Zeta Trianguli Australis

Observation data Epoch J2000 Equinox ICRS
- Constellation: Triangulum Australe
- Right ascension: 16^{h} 28^{m} 28.14362^{s}
- Declination: −70° 05′ 03.8419″
- Apparent magnitude (V): 4.91

Characteristics
- Spectral type: F9V + M4V
- U−B color index: +0.02
- B−V color index: +0.55

Astrometry
- Radial velocity (R_{v}): +8.3 km/s
- Proper motion (μ): RA: 200.742 mas/yr Dec.: 109.341 mas/yr
- Parallax (π): 82.8699±0.1627 mas
- Distance: 39.36 ± 0.08 ly (12.07 ± 0.02 pc)
- Absolute magnitude (M_{V}): 4.49

Orbit
- Period (P): 12.97662±0.00017 d
- Eccentricity (e): 0.01442±0.00021
- Inclination (i): 35±19°
- Periastron epoch (T): JD 2452752.31955
- Argument of periastron (ω) (secondary): 252.98°±0.80°
- Semi-amplitude (K_{1}) (primary): 7.4988±0.0016 km/s

Details

ζ TrA A
- Mass: 1.12 M_{☉}
- Radius: 1.02±0.02 R_{☉}
- Luminosity: 1.41+0.15 −0.09 L_{☉}
- Surface gravity (log g): 4.42+0.04 −0.05 cgs
- Temperature: 6,210+180 −120 K
- Metallicity [Fe/H]: −0.09±0.06 dex
- Rotation: 13 days
- Rotational velocity (v sin i): 3.23 km/s
- Age: 600–900 Myr

ζ TrA B
- Mass: 0.30 M_{☉}
- Temperature: 3,327 K
- Other designations: CPD−69°2558, FK5 610, GJ 624, HD 147584, HIP 80686, HR 6098, SAO 253554, LTT 6558

Database references
- SIMBAD: data
- ARICNS: data

= Zeta Trianguli Australis =

Binary star system in the constellation Triangulum Australe

Zeta Trianguli Australis is a spectroscopic binary star system in the southern constellation Triangulum Australe. The pair have a combined apparent visual magnitude of 4.90, which is bright enough to be visible to the naked eye. Based on parallax measurements, the system is located at a distance of approximately 39.4 light years from Earth. After closing to within 9.59 pc some 436,600 years ago, it is now drifting farther away with a radial velocity of +8.3 km/s.

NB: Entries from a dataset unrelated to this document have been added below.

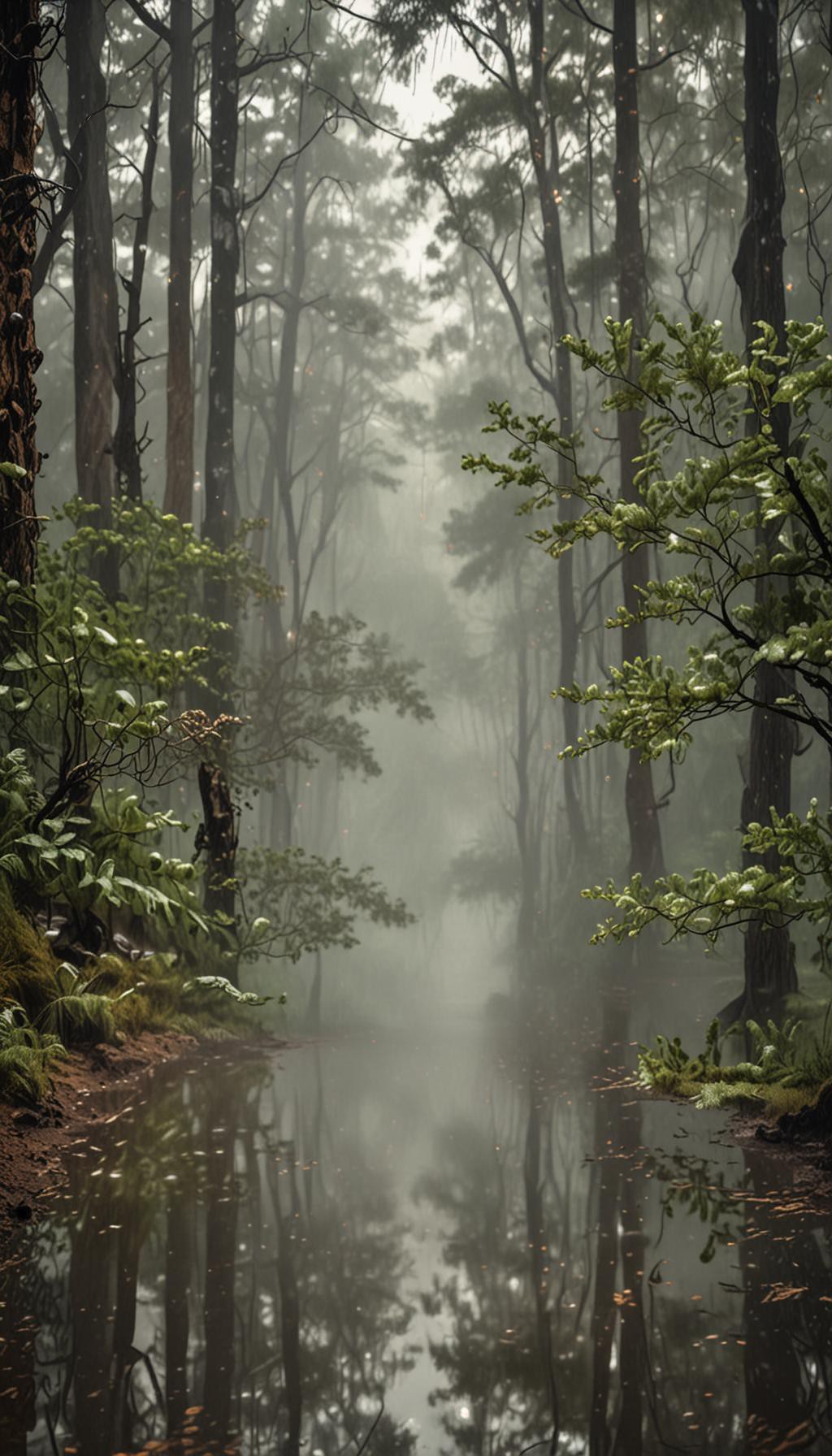 Rainy Pine Forest Path – Moody Nature Wallpaper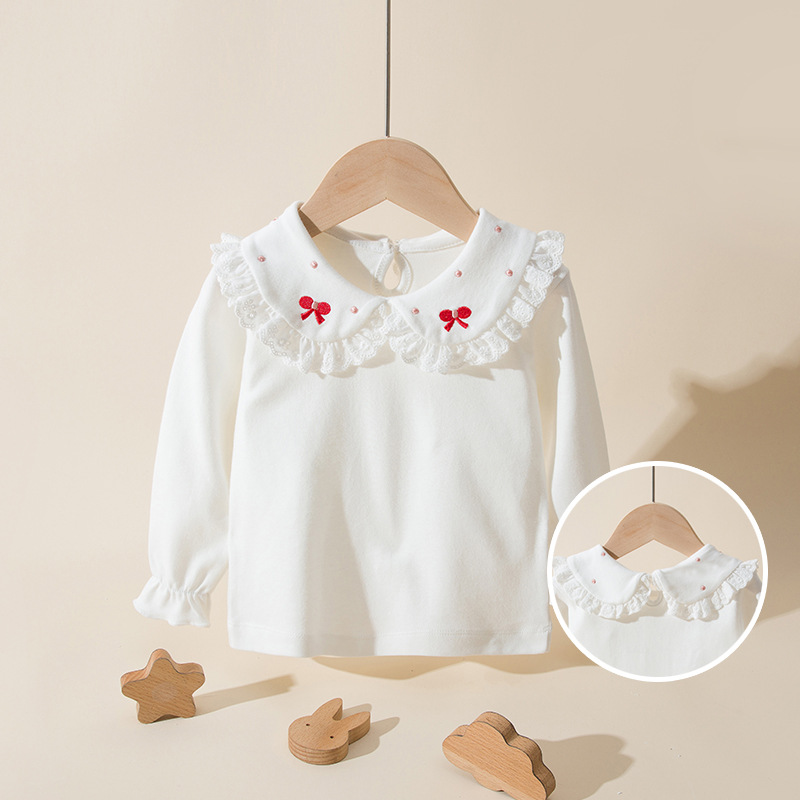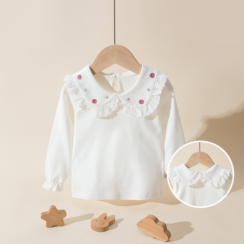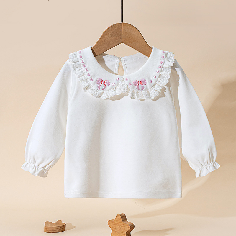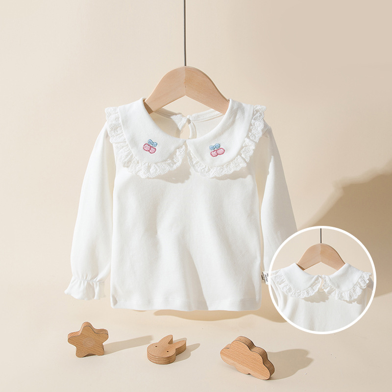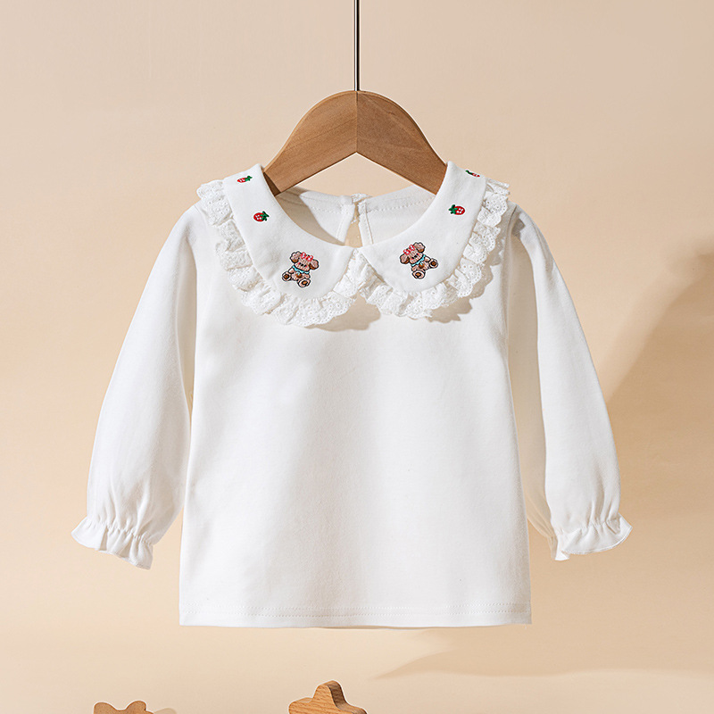 어린이 봄과 가을 기본 셔츠 아기 소녀의 봄 순면 옷깃 옷 아기 소녀의 인형 칼라 티셔츠 화이트 탑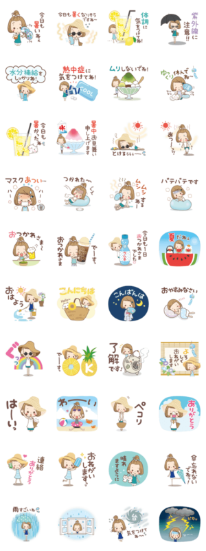 前髪短めな女の子の『夏の気遣い』 スタンプに書いてある文字一覧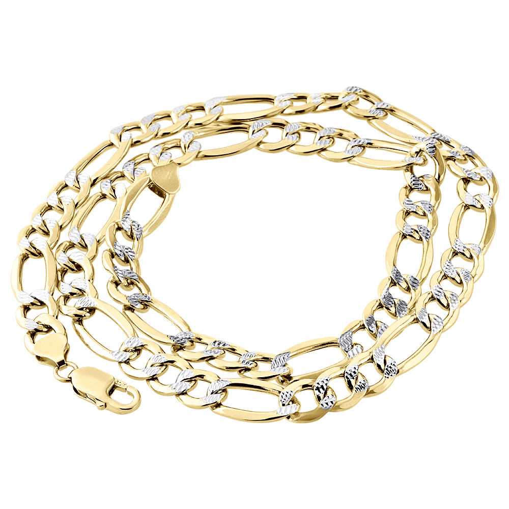 This real Yellow Gold Diamond Cut Hollow Figaro Link chain is presented inlustrous 10K Gold, finished with a professional bright high polish for extra shine and luster. This chain is 9.50mm wide and is available in different lengths. This chain comes in 20, 22, 24, 26, 28 & 30 inches (check drop down to see which lengths are available in stock). The starting weight is approximately 27.2 grams for 20" necklace. This chain is ideal for wearing with a pendant or wide enough to wear by itself. The chain has a secure Lobster Clasp so it is easy to put on and take off.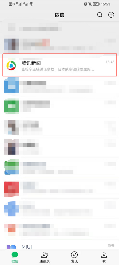1、首先打开微信,然后在聊天界面找到腾讯新闻,然后开启此功能;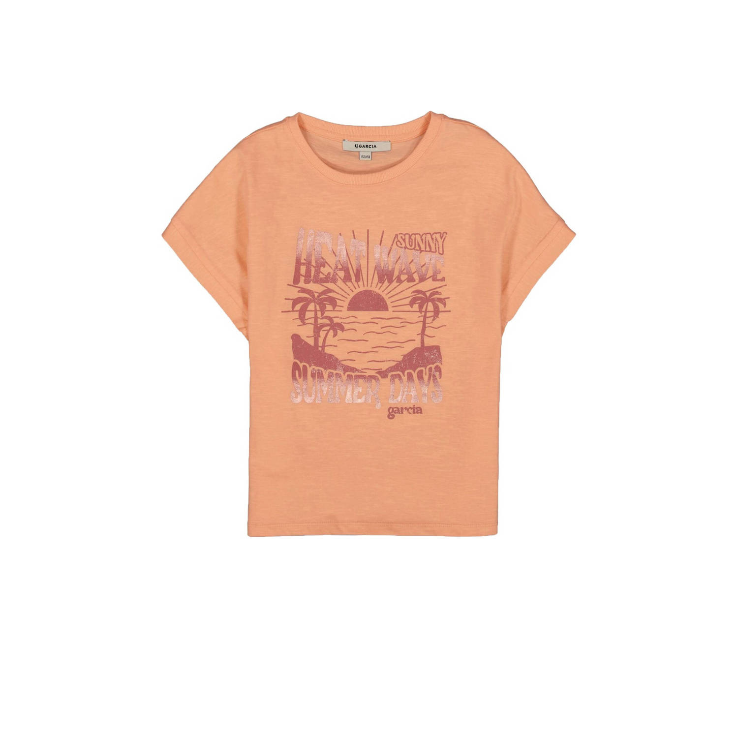 Dit T-shirt voor meisjes van Garcia is gemaakt van polyester en heeft een printopdruk. Het model heeft een ronde hals en korte mouwen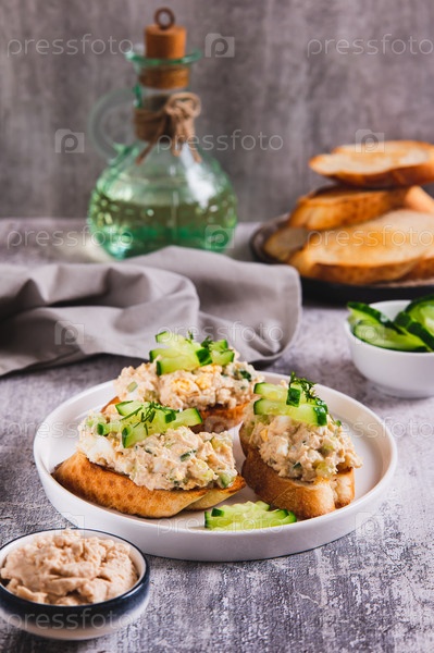 Вкусные бутерброды со салатом из рыбьей печени, яйцами и огурцом на тарелке на столе вертикальный вид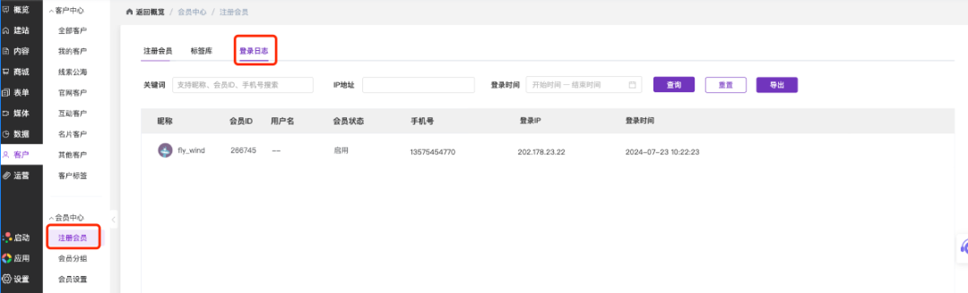 操作路径:官微中心 - 客户 - 会员中心 - 注册会员 - 登录日志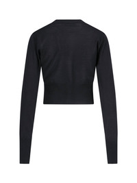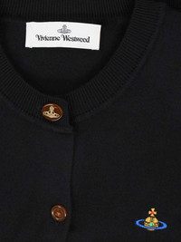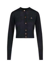 VIVIENNE WESTWOOD LOGO CROP CARDIGAN IN BLACK SILK AND WOOL WITH CREW NECK, BUTTON CLOSURE, MULTICOLOR "ORB" EMBROIDERED LOGO ON THE CHEST, RIBBED TRIMS, STRAIGHT HEM. PRODUCT INFO PRODUCT CODE 1803002U Y001AN402 COMPOSITION: 70% WOOL, 30% SILK SIZE AND FIT: REGULAR FIT MADE IN: ITALY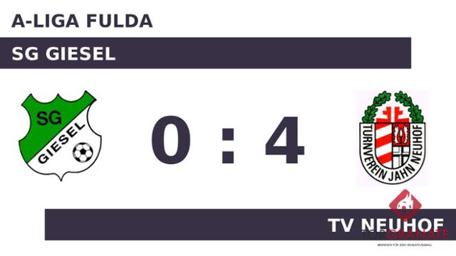 Der TV erwischte einen Blitzstart ins Spiel. Niklas Riedl traf in der fünften Minute zur frühen Führung. Florian Beier schoss die Kugel zum 2:0 für den Jahn über die Linie (18.). Mit dem 3:0 durch Riedl schien die Partie bereits in der 24. Minute mit den Neuhofer einen sicheren Sieger zu haben. Das letzte Tor der turbulenten Startphase markierte Alexander Urner in der 30. Minute. Bis zum Schlusspfiff durch den Unparteiischen Niklas Klitsch (Künzell) betrieb SG Giesel nach einem desolaten ersten Spielabschnitt in Halbzeit zwei Schadensbegrenzung und verhinderte eine noch höhere Pleite. Am Ende hieß es 4:0 zugunsten des TV Neuhof.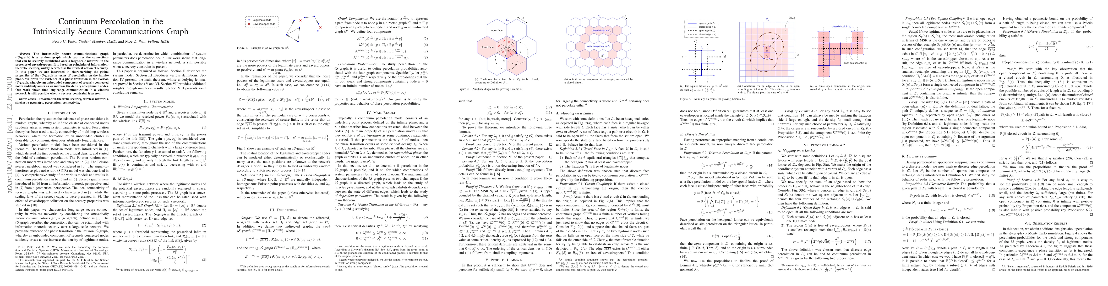 The intrinsically secure communications graph (iS-graph) is a random graph which captures the connections that can be securely established over a large-scale network, in the presence of eavesdroppers. It is based on principles of information-theoretic security, widely accepted as the strictest notion of security. In this paper, we are interested in characterizing the global properties of the iS-graph in terms of percolation on the infinite plane. We prove the existence of a phase transition in the Poisson iS-graph, whereby an unbounded component of securely connected nodes suddenly arises as we increase the density of legitimate nodes. Our work shows that long-range communication in a wireless network is still possible when a secrecy constraint is present.
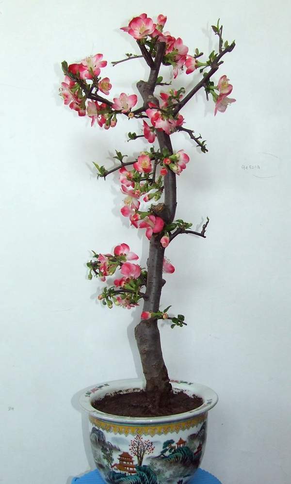 貼梗海棠它又叫作皺皮木瓜,而且還有許多的叫法,是落葉灌木的一種,它在園林綠化上屬于觀花、觀果的優(yōu)良品種;特別是在花期的時候,滿樹花朵非常的艷麗,顏色多樣;貼梗海棠不但在園林效應(yīng)上有它的風(fēng)采,而且它的果實還可以吃,果實營養(yǎng)豐富含維生素多,在醫(yī)學(xué)上也有它的獨特功效;貼梗海棠在綠化上可以栽種在景區(qū)、道路兩邊、庭院等地方;還可以在一些綠化樹中栽種一兩棵貼梗海棠,可以起到點綴的效果,成片的栽種也有不一樣的觀賞效果;它不僅可以地栽也可以制作為盆景,造型多種,常被放置在客廳、花臺、陽臺、門庭邊都可以,下面我們就來欣賞一下它的各種造型盆景吧: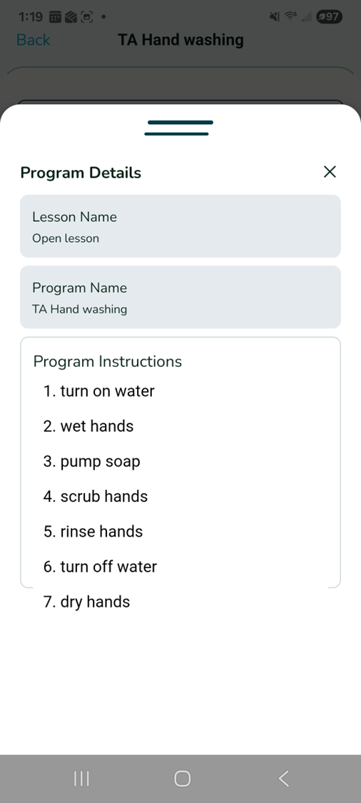 - Create a program for the Task Analysis (e.g. Hand Washing).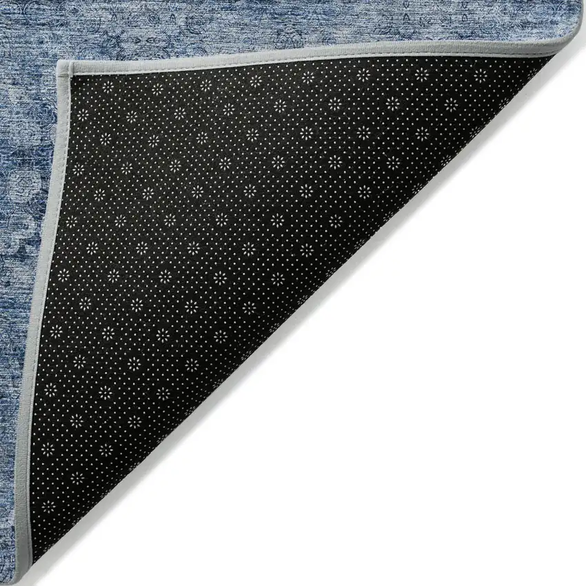 Navy Blue Floral Medallion Washable Non Skid Indoor Outdoor Area Rug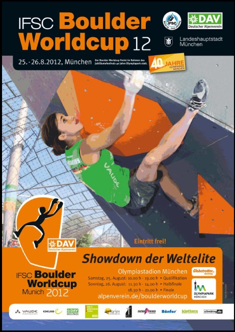 25-26 августа 2012 года в Мюнхене прошел финальный этап Кубка Мира 2012 по болдерингу. Результаты:

The pair orbit each other once every 13 days, and the orbital eccentricity is a low 0.014, making their orbit nearly circular. The primary component has a stellar classification of F9V, matching an F-type main-sequence star. It has a mass equal to 1.12 times the mass of the Sun, a radius 1.06 times the radius of the Sun, and irradiated at an effective temperature of ±6032 K, slightly hotter than the Sun as well. The companion is a small red dwarf star with a class in the range of M1–7V and 40% of the Sun's mass. The age of the system is estimated at 600–900 million years.

Any objects orbiting the pair in a circumbinary orbit should have an orbital separation of 0.217 AU or higher; otherwise its orbit would be unstable due to gravitational interactions.

Somewhat surprisingly for a star located at a declination of 70° S, it is a candidate swarm member of the Ursa Major moving group. However, there is some evidence to the contrary.